«Клятва Горациев» (1784)
- 02.02.2018 09:26
- 2637
Знаменитое полотно французского живописца Жака Луи Давида - картина, являющаяся не только украшением и своеобразной визитной карточкой знаменитого парижского Лувра, но прежде всего оживленным живописным носителем фашистского, патрицианского духа арийско-римского архетипа латинов. За её основу Давид взял легендарный сюжет Тита Ливия о войне между Римом и его городом-соседом Альба-Лонга, кровно являвшегося родственным для древних римлян. Опасаясь резкого ослабления обеих армий и сокращения их численности в грядущей битве перед лицом их общего врага в лице этрусков, консул Альба-Лонга Мет Фуфетий и царь Рима Тул Гостилий жребием решили выставить трех представителей от своих патрицианских семей: Горациев от Рима и Куриациев от Альба-Лонга, чтобы в их битве определить победителя всей войны.

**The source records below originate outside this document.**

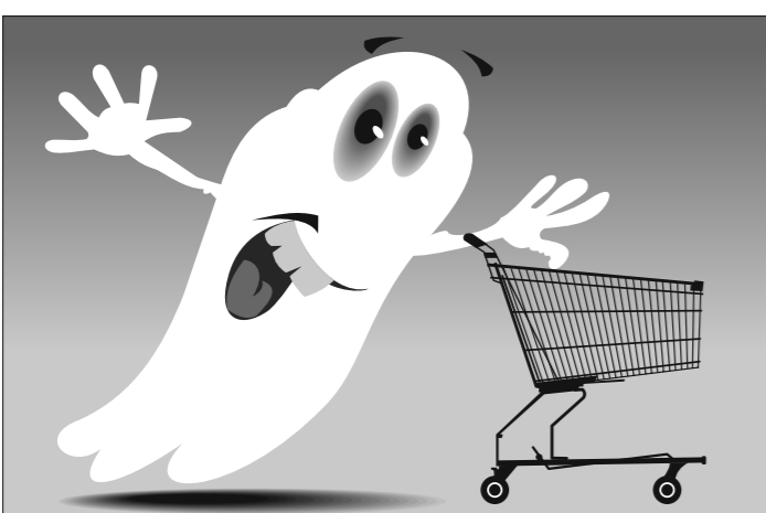
Иллюстрация Петра Упорова.

В Энистоне, штат Алабама (США), человека, попытавшегося украсть магазин в костюме призрака, что-то спугнуло и он убежал без добычи.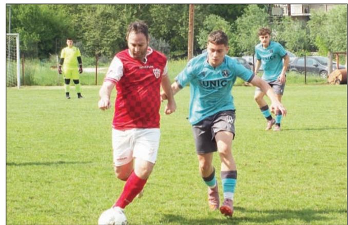
Συγκινήσεις πρόσφεραν χθες ΑΕΤ και Δήμητρα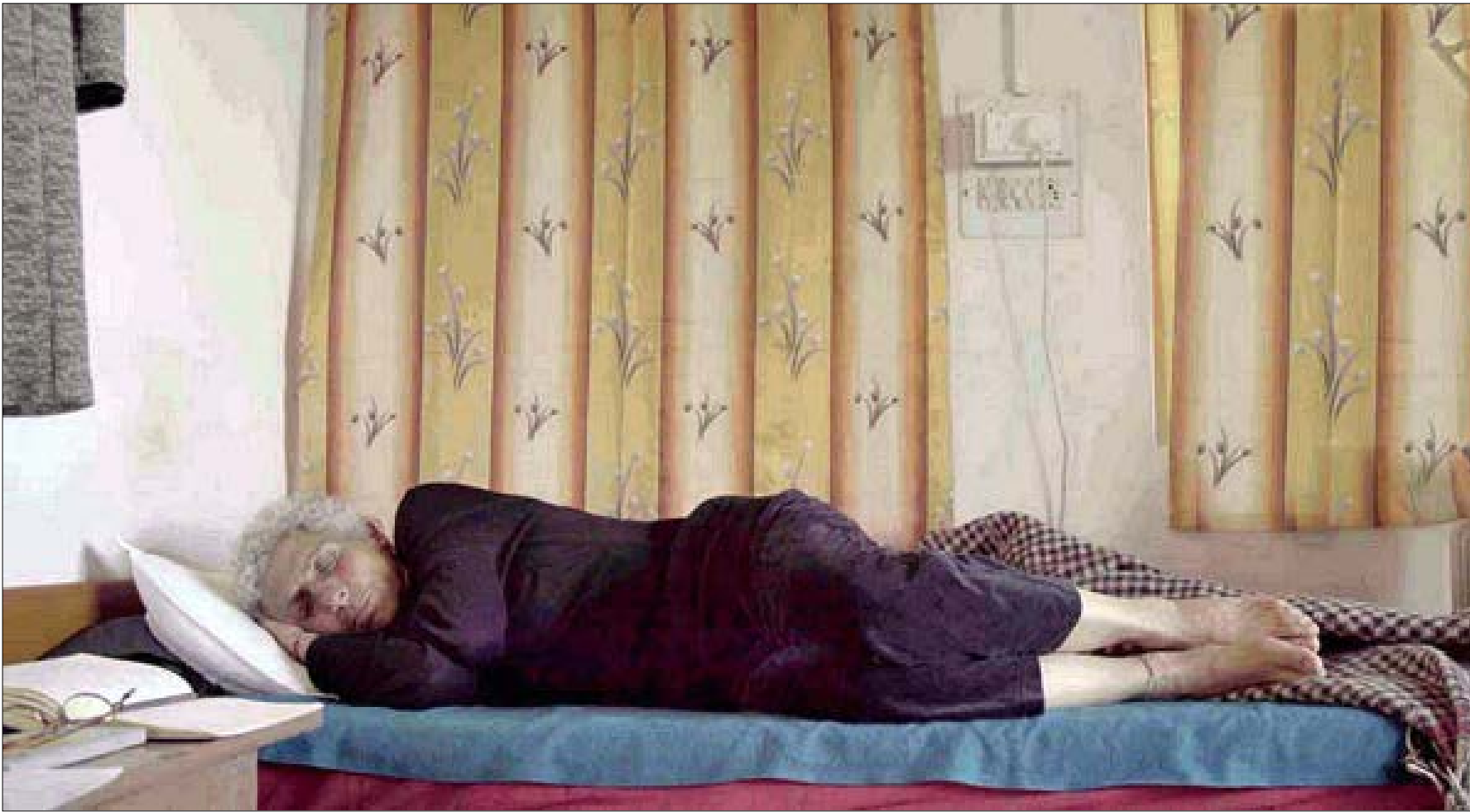
هنا «عزيزي» «الحيوان» (2016)

فنون معاصرة في معرضها الفردي الأول في بيروت، تلتقط الفنانة لحظات حاسمة ومفصلية في التاريخ المصري المعاصر. شريطها «زائر الليل - يوم أن تحصى السنين» (2011)، و«عزيزي الحيوان» (2016) يعرضان في «متحف سرسق» (الأشرفية) حتى 12 حزيران (يونيو) المقبل، ويستكشفان تبدل ملامح كثيرة في هوازين القوى وتشكّل الهويّات الفردية والجماعية بعد «ثورة يناير»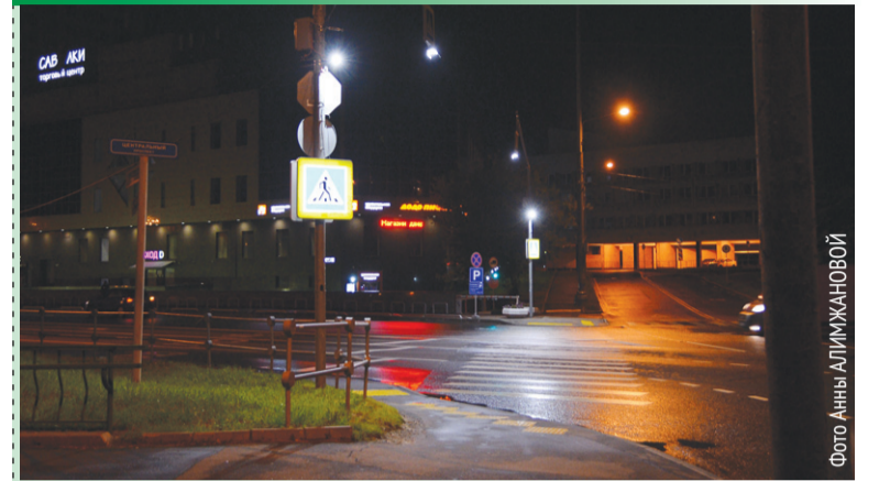
Нерегулируемые пешеходные переходы на Савелкинском проезде и проспекте Генерала Алексеева у остановки «Кинотеатр «Электрон» оснастили дополнительной подсветкой.

13.15, Химки – в 13.23, прибытие на Ленинградский вокзал – в 13.37. Сегодня экспресс отправляется напрямую из Зеленограда в 12.54.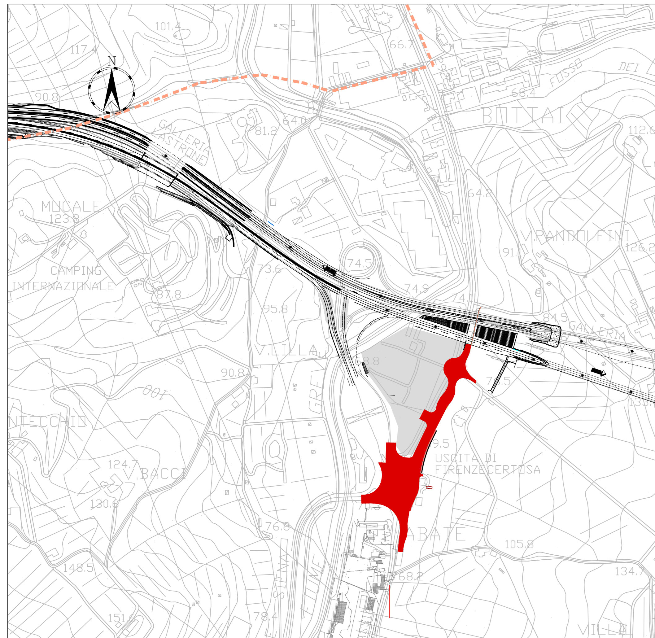
ESTRATTO CTR - AMBITO DI INTERVENTO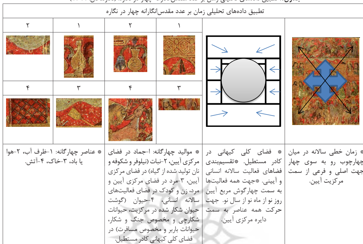
جدول ۱: تطبیق داده‌های تحلیلی زمان بر عدد مقدس‌انگارانه چهار در نگاره. (نگارندگان: ۱۳۹۹)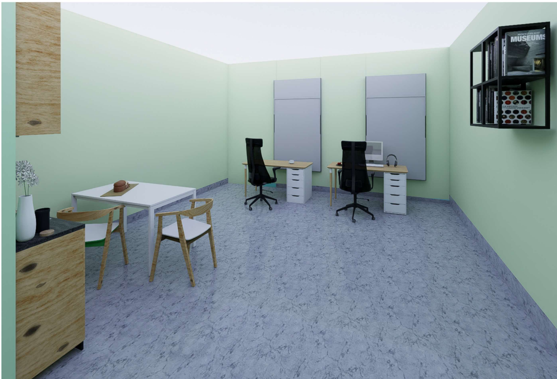
POMIESZCZENIE NUMER 04 WIDOK NA STREFĘ PRACY CICHEJ

WOJEWÓDZKI SZPITAL ZESPOŁONY W PŁOCKU UL. MEDYCZNA 19 09-400 PŁOCK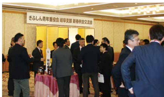
ぎふしん青年重役会 岐阜支部 新春例会交流会の様子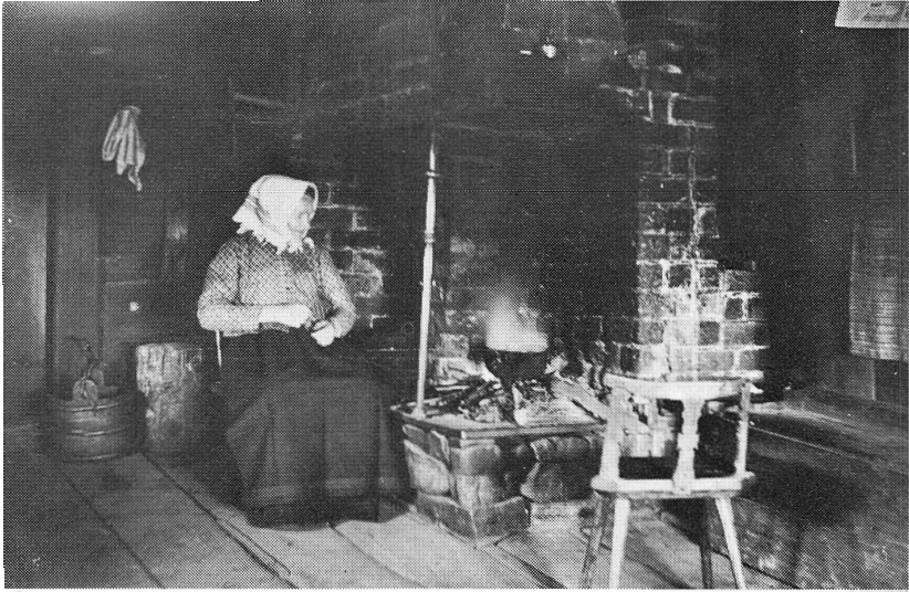
År 1917. Surjorsketling i Bjørka.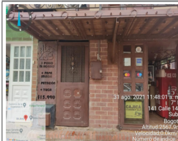
Fotografía No. 3. Publicidad en puertas.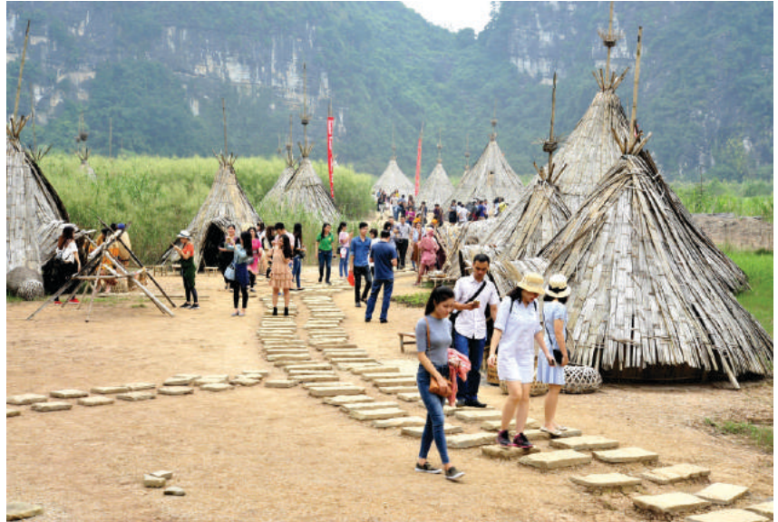
Đoàn Famtrip khảo sát phim trường “Kong: Skull Island”

Những năm qua, được sự quan tâm lãnh đạo, chỉ đạo của Tỉnh ủy, HĐND, UBND tỉnh, du lịch Ninh Bình đã có những bước phát triển khá nhanh, đang dần trở thành ngành kinh tế mũi nhọn của tỉnh. Sản phẩm du lịch ngày một đa dạng, phong phú và hấp dẫn khách du lịch. Đặc biệt Quần thể danh thắng Tràng An được UNESCO công nhận là Di sản Văn hóa và Thiên nhiên thế giới đã đưa du lịch Ninh Bình lên một tầm cao mới.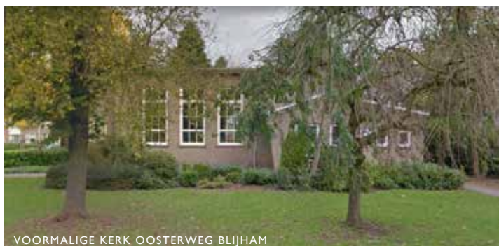
VOORMALIGE KERK OOSTERWEG BLIJHAM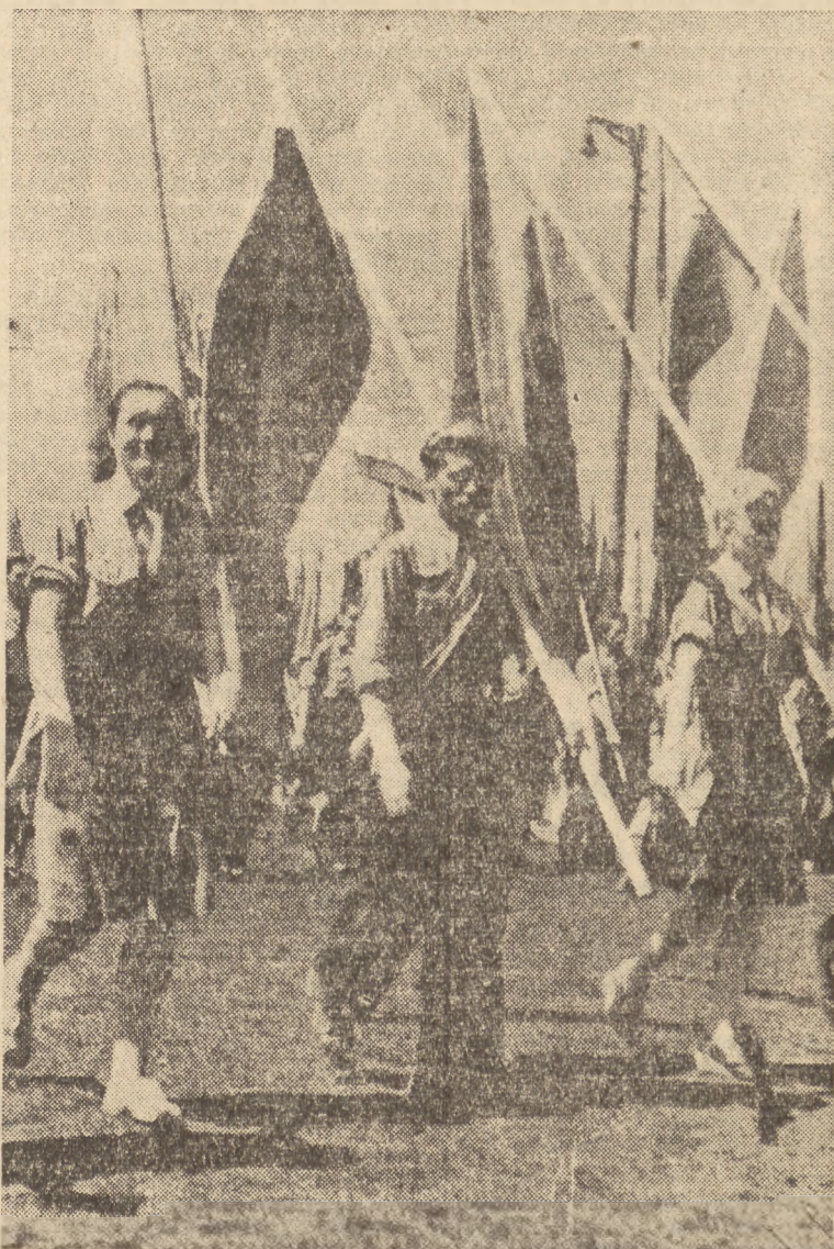
Defilada młodzieży na Złocie we Wrocławiu

Na terenie województwa krakowskiego już od wczesnych godzin porannych panował we wsiach ożywiony ruch. Dorośli i młodzież w odświętnych strojach zdążyli na uroczyste zebrania i akademie. We wszystkich gminach zgromadziły się w godzinach popołudniowych liczne rzesze mieszkańców wśród których wyróżniła się młodzież w regionalnych, barwnych strojach.

Трехчастная составляющая картины, выделенная Давидом тремя арками на втором плане - это жизнь и трагедия семьи Горациев. В её центре отец, разделяя собой два противоположных друг другу полюса, протягивает клинки трем своим сыновьям, которые, взявшись друг за друга в едином порыве, произносят жестом клятву, вскинув руки к оружию в римском салюте, а справа, уже не обращая на них никакого внимания, их сестры и мать пребывают в убитом горем отчаянии. Взор сыновей обращен на отца, а отец указывает взглядом на мечи, соединяя через себя непоколебимую мужскую решимость молодых патрициев и необходимость исполнить приказ свыше. Трагедия женской, сентиментальной (настолько, насколько позволяет их нордическая «сентиментальность», впавшая в отчужденную меланхолию) стороны в том, что сестра одного из Куриациев была замужем за одним из братьев Горациев, а одна из сестер Горациев (белокурая девушка посередине) была повенчана с одним из Куриациев. В грядущей битве из шестерых бойцов уцелеет лишь один Гораций. Вернувшись в Рим, он, увидев свою сестру, оплакивающую убитого жениха, заколол её.
В свое время Иоганн Винкельман провозгласил задачу искусства содержать в себе сочетание «благородной простоты и спокойного величия» - тот образ спартанского «лаконичного» поведения, и именно то сочетание слов, которое лучше всего остального характеризует бессмертное полотно Давида.